In late August 1619, a ship arrived in the British colony of Virginia bearing a cargo of twenty to thirty enslaved people from Africa. Their arrival led to the barbaric and unprecedented system of American chattel slavery that would last for the next 250 years. This is sometimes referred to as the country’s original sin, but it is more than that: It is the source of so much that still defines the United States.
Isabel Wilkerson, Caste: The Origins of Our Discontents (New York: Random House, 2020.
This book points to our entire social structure as an unrecognized caste system. Most people see America as racist, and Wilkerson agrees that it is indeed racist. She points out that we tend to refer to slavery as a “sad, dark chapter” in America when in fact it lasted for hundreds of years - but in order to maintain the social order, it was necessary to give Black people the lowest possible status. Whites in turn got top status. In between came the middle castes of “Asians, Latinos, indigenous people, and immigrants of African descent” to fill out the originally bipolar hierarchy.
Michelle Alexander, The New Jim Crow: Mass Incarceration in the Age of Colorblindness (New York: The New Press, 2010).
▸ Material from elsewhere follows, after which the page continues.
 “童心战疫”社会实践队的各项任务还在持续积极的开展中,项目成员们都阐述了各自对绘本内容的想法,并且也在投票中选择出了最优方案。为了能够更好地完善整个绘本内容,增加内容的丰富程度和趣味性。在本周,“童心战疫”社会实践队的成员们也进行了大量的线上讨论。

Alexander argues that the War on Drugs and policies that deny convicted felons equal access to employment, housing, education, and public benefits create a permanent under caste based largely on race. Argues that the War on Drugs and policies that deny convicted felons equal access to employment, housing, education, and public benefits create a permanent under caste based largely on race.
Richard Rothstein, The Color of Law: A Forgotten History of How Our Government Segregated America. (Logan, IA: Perfection Learning, 2019).
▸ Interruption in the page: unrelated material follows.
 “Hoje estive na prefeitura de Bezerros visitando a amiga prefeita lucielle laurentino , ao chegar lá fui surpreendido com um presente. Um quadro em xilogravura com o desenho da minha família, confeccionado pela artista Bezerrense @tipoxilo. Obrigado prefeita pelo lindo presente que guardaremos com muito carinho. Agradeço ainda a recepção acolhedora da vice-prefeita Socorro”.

Rothstein explodes the myth that America’s cities came to be racially divided through de facto segregation – that is, through individual prejudices, income differences or the actions of private institutions like banks and real estate agencies. Rather, he makes clear that it was de jure segregation – the laws and policy decisions passed by local, state and federal governments – that actually promoted the discriminatory patterns that continue to this day.
Victor Ray, Critical Race Theory: Why It Matters & Why You Should Care (New York: Random House, 2022).
Ray draws upon the radical thinking of giants such as Ida B. Wells, W.E.B. Du Bois, and Dr. Martin Luther King, Jr., to clearly trace the foundations of critical race theory in the Black intellectual traditions of emancipation and the civil rights movement. From these foundations, Ray explores the many facets of our society that critical race theory interrogates, from deeply embedded structural racism to the historical connection between whiteness and property, ownership, and more.
Linda Villarosa, Under the Skin: The Hidden Toll of Racism on American Lives and on the Health of Our Nation (New York: Random House, 2022).
Villarosa lays bare the forces in the American health-care system and in American society that cause Black people to “live sicker and die quicker” compared to their white counterparts. Today's medical texts and instruments still carry fallacious slavery-era assumptions that Black bodies are fundamentally different from white bodies. Study after study of medical settings show worse treatment and outcomes for Black patients. Villarosa tells us why.
Ilyon Woo, Master Slave Husband Wife (London: Ithaka Press, 2023).
The remarkable true story of Ellen and William Craft, who escaped slavery through daring, determination, and disguise, with Ellen passing as a wealthy, disabled White man and William posing as “his” slave.